INFORMATION SHOWN:
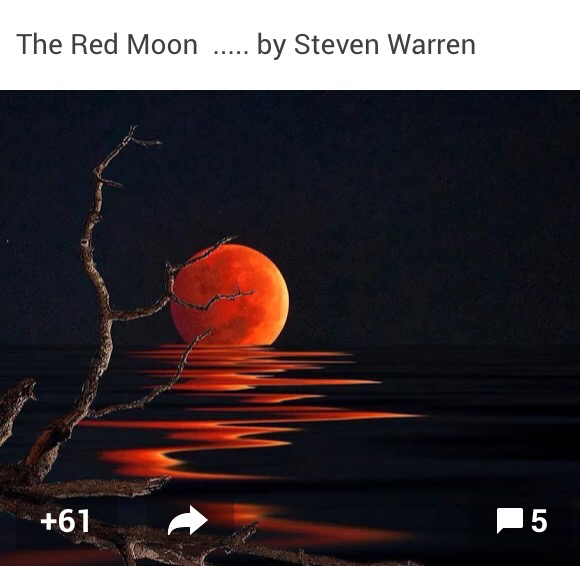 Blood Moon 01 Thursday Oct 2015 Posted by Caro Field in poetry ≈ Leave a comment The supermoon is full in its perigee. Seeming huge in the sky, Its close orbit to Earth, at 226,000 miles, Means it becomes a spectacular colour As earth’s shadow passes over it. Full moon, Red moon, Supermoon, Blood moon. © Caro Ness 2015 Share this: Click to share on X (Opens in new window) X Click to share on Facebook (Opens in new window) Facebook Click to share on LinkedIn (Opens in new window) LinkedIn Click to email a link to a friend (Opens in new window) Email Click to share on Pinterest (Opens in new window) Pinterest Like Loading...
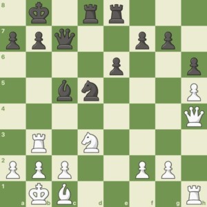 Marcel (wit): “Hier kwam ik met het plan Td1 De4 Pd4 f4. Op zich een prima plan. Maar de engine geeft aan dat ik gerust op a7 had kunnen nemen. Ik vertrouwde Pf4 niet. Maar de engine ziet na Te1 dan helemaal geen probleem. Jammer.”
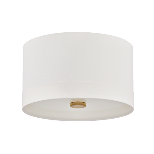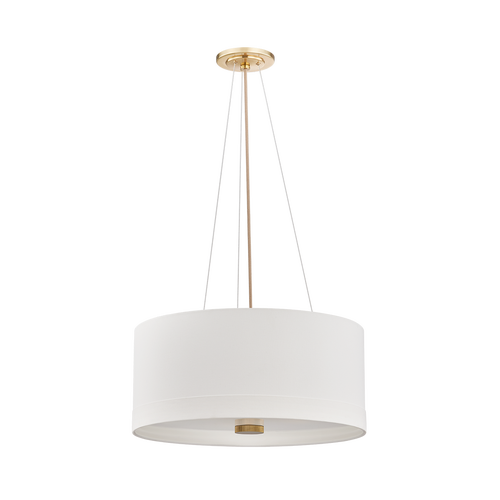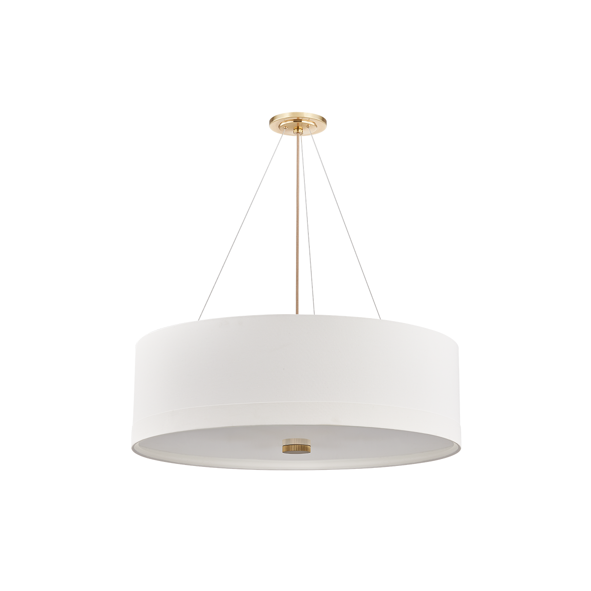 The Ashland family reimagines a modern drum silhouette with oversized proportions and polished details. A white linen shade is complemented by an Aged Brass-finished canopy and finial. Fitted into the shade, an etched glass diffuser provides a soft, even glow around a large space. With two sizes of flush mount and two pendant options, Ashland is a crisp, timeless solution for an entryway, dining area, or living room.

YOUR TASK:
Any images must be left out; transcribe the rest of the material exactly.

RESULT FOR THIS EXERCISE:
 Blood Moon 01 Thursday Oct 2015 Posted by Caro Field in poetry ≈ Leave a comment The supermoon is full in its perigee. Seeming huge in the sky, Its close orbit to Earth, at 226,000 miles, Means it becomes a spectacular colour As earth’s shadow passes over it. Full moon, Red moon, Supermoon, Blood moon. © Caro Ness 2015 Share this: Click to share on X (Opens in new window) X Click to share on Facebook (Opens in new window) Facebook Click to share on LinkedIn (Opens in new window) LinkedIn Click to email a link to a friend (Opens in new window) Email Click to share on Pinterest (Opens in new window) Pinterest Like Loading...
 Marcel (wit): “Hier kwam ik met het plan Td1 De4 Pd4 f4. Op zich een prima plan. Maar de engine geeft aan dat ik gerust op a7 had kunnen nemen. Ik vertrouwde Pf4 niet. Maar de engine ziet na Te1 dan helemaal geen probleem. Jammer.”
 The Ashland family reimagines a modern drum silhouette with oversized proportions and polished details. A white linen shade is complemented by an Aged Brass-finished canopy and finial. Fitted into the shade, an etched glass diffuser provides a soft, even glow around a large space. With two sizes of flush mount and two pendant options, Ashland is a crisp, timeless solution for an entryway, dining area, or living room.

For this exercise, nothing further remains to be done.